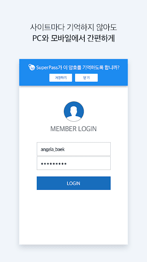슈퍼패스는 아이디 및 비밀번호를 외우지 않아도 모든 사이트에 로그인 할 수 있습니다.
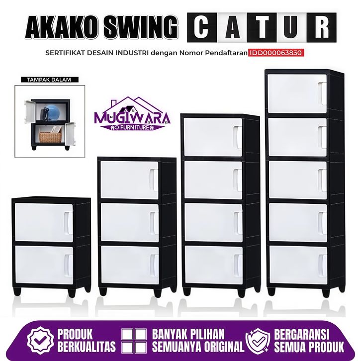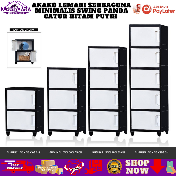 LEMARI AKAKO LEMARI PAKAIAN BAJU PLASTIK SERBAGUNA MINIMALIS SWING PANDA CATUR HITAM PUTIH LACI 2 3 4 5 TERLARIS MURAH
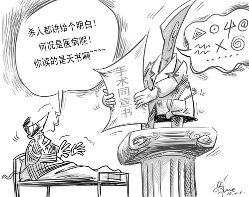 卫生部1月29日启动“预防和有效处理医患纠纷的机制研究”项目,手术等有创性治疗前的患者知情、同意,将通过风险告知的多渠道、统一范本和“口语化”,让患者知情、理解后再选择是否同意,希望借此减少医患纠纷。(《新京报》2月1日)

**PROBLEM**
Beginning with the line that has "LEMARI AKAKO LEMARI", repeat each remaining line of the data above word for word, keeping pictures out.

**ANSWER SPACE**
 LEMARI AKAKO LEMARI PAKAIAN BAJU PLASTIK SERBAGUNA MINIMALIS SWING PANDA CATUR HITAM PUTIH LACI 2 3 4 5 TERLARIS MURAH
 卫生部1月29日启动“预防和有效处理医患纠纷的机制研究”项目,手术等有创性治疗前的患者知情、同意,将通过风险告知的多渠道、统一范本和“口语化”,让患者知情、理解后再选择是否同意,希望借此减少医患纠纷。(《新京报》2月1日)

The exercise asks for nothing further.